WHITE HALL STATE HISTORIC SITE
Nestled in rolling farmland, the home was built in the late 1700s, with a major addition constructed in the 1860s. The mansion, built in Georgian and Italianate styles, boasts nearly ten thousand square feet with modern innovations of the time such as central heating and indoor plumbing.
Admission
Adults $8.00
Senior, AAA, Military and Adult groups of 10 or more $7.00
Children $4.00 6-12 5 and under free
Student group K-12th grade $3.00
Hours of Operation
Park Grounds
Open April 1 through October 31, Monday through Saturday 9 to 500, Sunday 1200 to 400
Mansion Tours
Closed Monday and Tuesday
Wednesday through Saturday 1000, 1100, 1200, 100, 200 and 300
Sunday 1200, 100, 200 300
November 1 through March 31 the mansion is closed to the public except for A Victorian Christmas the first two weekends of December. Group tours are available in the off season by appointment only. Please call the park for more information and to make reservations.
White Hall State Historic Site was the home of Cassius Marcellus Clay, 19th century emancipationist, politician, newspaper publisher, Ambassador to Russia, and friend to Abraham Lincoln.
General Green Clay, a decorated soldier who served in both the Revolutionary War and the War of 1812, built the original house. Green Clay was a very successful land surveyor who in addition to vast land holdings, also had several lucrative businesses including distilleries, taverns and ferries. Green Clay built his home in 1798 and called his two story brick Georgian house Clermont. Green Clays youngest son Cassius later inherited the home and several hundred acres surrounding it.
Although raised by one of the wealthiest landowners and largest slaveholders in Kentucky, Cassius Clay did not approve of the institution of slavery. Cassius was born in Clermont in 1810 and was well educated, attending both Transylvania University in Kentucky and Yale University. It was while at Yale that Cassius heard the famous abolitionist William Lloyd Garrison speak. Garrison had a heavy impact on Clay, and as a result he devoted a great portion of his life to speaking out against the peculiar institution and fought for the gradual emancipation of slaves. Cassius views did not meet with approval in his hometown, but Cassius did not let widespread opinion deter him. He traveled widely to political rallies speaking out against slavery. At one such rally Clay met Abraham Lincoln, for whom he eventually campaigned.
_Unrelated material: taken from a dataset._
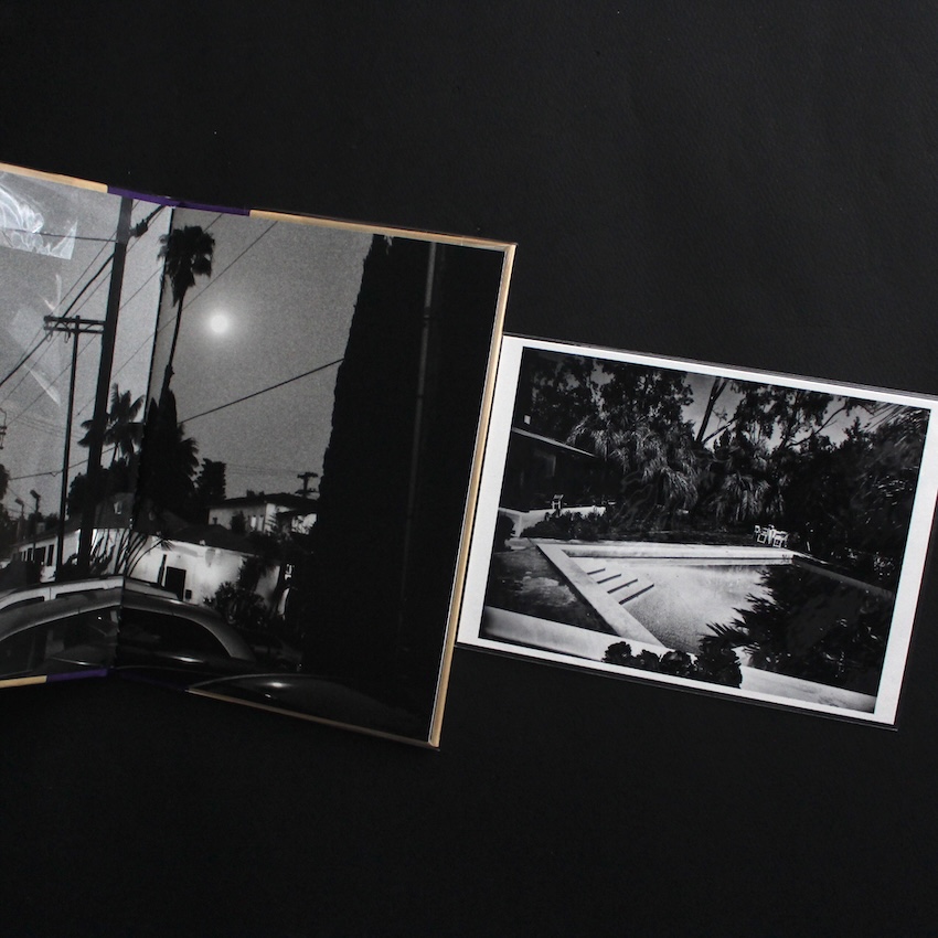 日本の写真家・森山大道による作品集『L.A. UNO One Picture Book Two #38』は、2015年に米国の展覧会参加を機に西海岸へ赴いた森山が、わずか2日間でロサンゼルス西岸・サンタモニカ、ヴェニス、マリーナの路地や民家をモノクロームで撮影し、シリーズとしてまとめられた小型作品集です。シリーズ第38号にあたる本書は、500部限定、サイン入りオリジナルプリント付きというコレクターズ・エディションとなっています。路地の壁、日常の断片、光と影の奔流。森山がこれまで追い求めてきた「都市の身体性」や「見ること・見られること」のあわい」は、東京・新宿の路地から、ロサンゼルスの西海岸という異境へと移行してなお色あせず、粗い粒子、重いコントラスト、瞬間の切断が跡を残します。本書に収められた16ページの中で、森山の視線は〈外部〉と〈私的空間〉の境界を曖昧にし、観る者の記憶と身体感覚にひそやかに触れます。小さな紙面ながら、都市という広がりが凝縮され、見る者の視線が反転する余白をたたえた一冊です。写真家サイン入りプリント付き。

After Lincoln became president he appointed Cassius Clay Minister to Russia, a post Clay served in for two terms.
In 1833, Cassius Clay married Mary Jane Warfield Clay. The marriage lasted 45 years and produced 10 children. It was Mary Jane who supervised the remodeling of Clermont in the 1860s while Clay was overseas in Russia. Prominent architect Thomas Lewinski and builder John McMurty designed the new addition, which was Italianate in style and boasted such modern amenities as central heating and indoor plumbing. It was renamed White Hall.
Upon returning from Russia in 1869, Cassius and Mary Jane met with marital problems possibly brought on by a compilation of factors such as long years of separation, money strains, and rumors. The couple divorced in 1878. Cassius remarried a second time at the age of 84 to a 15 year old, a marriage that was considered scandalous and caused national headlines. The scandal did not last, as the couple divorced after only a few years of marriage.
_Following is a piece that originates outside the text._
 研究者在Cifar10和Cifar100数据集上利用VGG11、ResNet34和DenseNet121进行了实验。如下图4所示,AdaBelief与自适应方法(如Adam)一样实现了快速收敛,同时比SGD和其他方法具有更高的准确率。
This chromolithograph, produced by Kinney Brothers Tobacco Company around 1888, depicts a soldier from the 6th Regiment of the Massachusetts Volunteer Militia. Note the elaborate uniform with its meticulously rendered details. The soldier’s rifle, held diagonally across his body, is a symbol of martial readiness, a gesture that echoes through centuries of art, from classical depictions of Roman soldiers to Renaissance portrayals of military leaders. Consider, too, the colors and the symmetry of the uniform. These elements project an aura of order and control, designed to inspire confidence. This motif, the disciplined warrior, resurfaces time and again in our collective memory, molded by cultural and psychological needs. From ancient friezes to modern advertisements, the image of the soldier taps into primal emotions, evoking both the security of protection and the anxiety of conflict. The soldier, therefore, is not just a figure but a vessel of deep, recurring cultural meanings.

Cassius resided in the mansion until his death in 1903, after which the house went up for auction. Cassius grandson Warfield Bennett bought the home and rented it out to tenant farmers, who resided in the home until the mid 1960s, after which the home was left vacant and open to vandalism. In 1968 the Bennett family donated the house to the State of Kentucky. Thanks to the concentrated efforts of First Lady Beulah Nunn, wife of Governor Louie B. Nunn, the Madison County Garden Club, and the Kentucky Department of Parks, the mansion was restored to its former glory and opened to the public in September 1971.